Arrive 1981 et la victoire de Mitterrand. Fallait-il aller au gouvernement? Maintenant je dis non, mais à l’époque ce n’était pas ma position, bien que n’ayant pas voter pour Mitterrand au 2 ième tour. Certains vieux camarades de l’époque regrettaient la non-présence de ministres communistes au moment du Front Populaire. D’autre part’ ils signalaient l’immense apport des ministres communistes à la Libération. Un ministre Communiste, c’est autre chose pour le Peuple. Même MG.Buffet avec la gauche plurielle a apporté autre chose comme ministre des sports. C’est reconnu par toute la communauté sportive.
Dans les entreprises, la CGT, y compris, nous conseillait de ne pas trop en faire! On a appelé cela l'”Etat de grâce”Résultat, les ministres communistes ont été obligés de quitter. Apparemment, certains avaient pris goût. Je dois quand même dire qu’ils ont fait du bon travail. Je ne crois pas que les fonctionnaires ont à se plaindre du passage d’Anicet Le Pors. La santé n’a pas à se plaindre de Jack Ralite.
J’ai cité MG.Buffet au moment de la Gauche plurielle. Faut-il évoquer l’apport de JC Gayssot. Pour moi il ne fait pas partie des ministres différents. Alors qu’il était ministre des Transports je me souviens d’une de ces déclarations: “je ne serais jamais ministre de la privatisation”. La 1ière entreprise publique attaquée dépendait de son ministère, Air-France. Qu’a fait JC.Gayssot?
Je décernerai quand même un mauvais point à MG.Buffet. Alors qu’elle était candidate à l’Election présidentielle, elle est passée dans une émission sur France-Culture. Sa réflexion sur Cuba ne fut pas des plus heureuses.
Je ne voudrais pas terminer sans revenir sur l’UE. Certains vont me reprocher de tenir des propos passéistes. Ils ont raison. Mais , à mon avis, il faut remonter loin pour trouver les racines du mal.
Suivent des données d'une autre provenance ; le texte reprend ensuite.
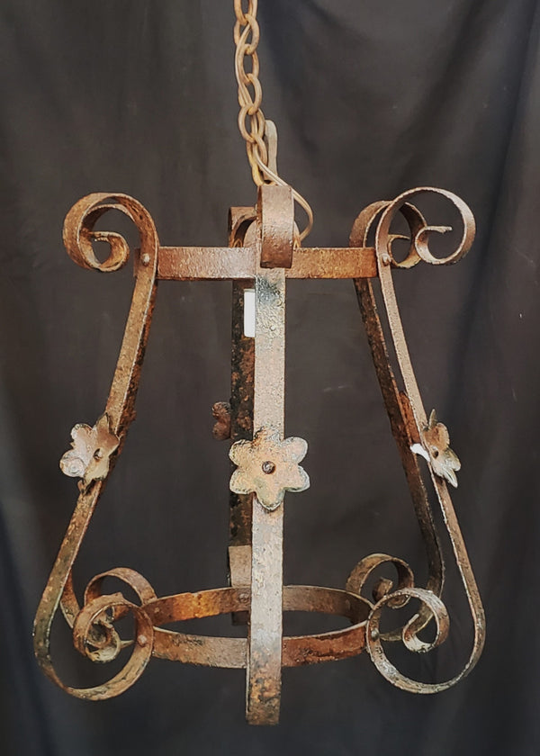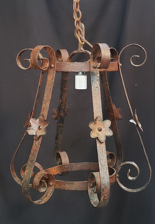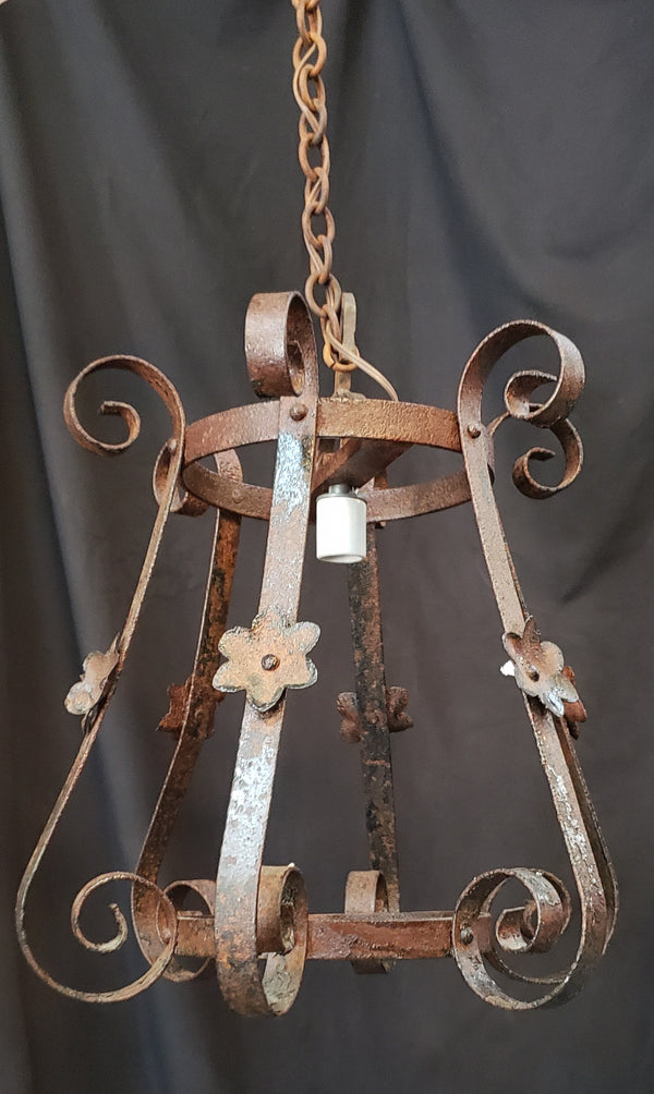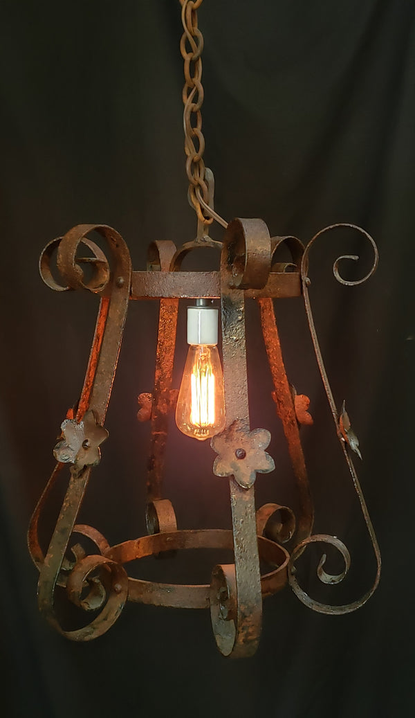 We created this unique ceiling fixture from reclaimed wrought iron fencing from historic Richmond, Virginia. Long "S" shaped iron pieces - which have their original flower petals -  have been welded onto a top and bottom round inner frame. It has new wiring and a new center wide socket base.  Shown with a 60 watt amber Edison bulb.

Nous avons appelé à voter “NON” à Mastricht en 1992. C’était tout à l’honneur du PCF. En 2005, le “Non” l’a emporté. Le PCF a appelé à voter “NON”. Mais on ne peut pas dire qu’il ce soit engagé à fond. On va me parler d’indépendance syndicale, je veux bien, mais il me revient en mémoire la bataille de chiens entre la section des retraités CGT du Finistère contre le sécrétaire de l’UD, membre aussi du PCF. Il s’opposait à notre appel à voter NON.
En 1999, la confédération CGT a quitté la FSM pour intégrer la CES, je ne souviens pas d’une réaction du PCF. Là encore, il ne s’agit pas d’une erreur, mais d’un choix politique. Avec maintenant Laurent Berger, de la CFDT’ comme sécrétaire général, la CGT est pieds et poings liés à cet organisme courroie de transmission des directives européennes.
Les membres du PCF favorables à l’UE espèrent toujours qu’ils imposeront la question sociale aux instances de l’UE. Si le réve est parfois permis, dans certaines circonstances, là il s’agit d’une faute regrettable.
Un argument revient souvent concernant la mondialisation, incluant l’UE; “regardez, la faim dans le monde a reculé, l’alphabétisation a progressé”. C’est oublié bien vite dans quel pays ces progrès ont principalement eu lieu: La Chine, le Vietnam, Cuba, le Vénézuela, Pourquoi l’Inde ne manifeste pas de progrès notables, sauf dans la région du Kerala, comme par hasard dirigé par les communistes. La Bolivie et le Brésil avaient jusqu’à présent progresser. Malheureusement, je crains un certain recul sans tarder. De plus, c’est un alibi pour les entreprises qui délocalisent.
Voila les réflexions d’un vieux camarade, qui ne peut plus grand’chose sur le terrain, mais qui utilise un outil moderne pour dire un peu ce qu’il a sur le coeur.
A l’instar de Danielle, j’ai confiance dans la jeunesse. Il y aura bien un jour des Maurice Thorez, Ambroise Croisat, Marcel Paul, etc…qui pousseront la porte et diront; C’EST L’HEURE DU SOCIALISME!!!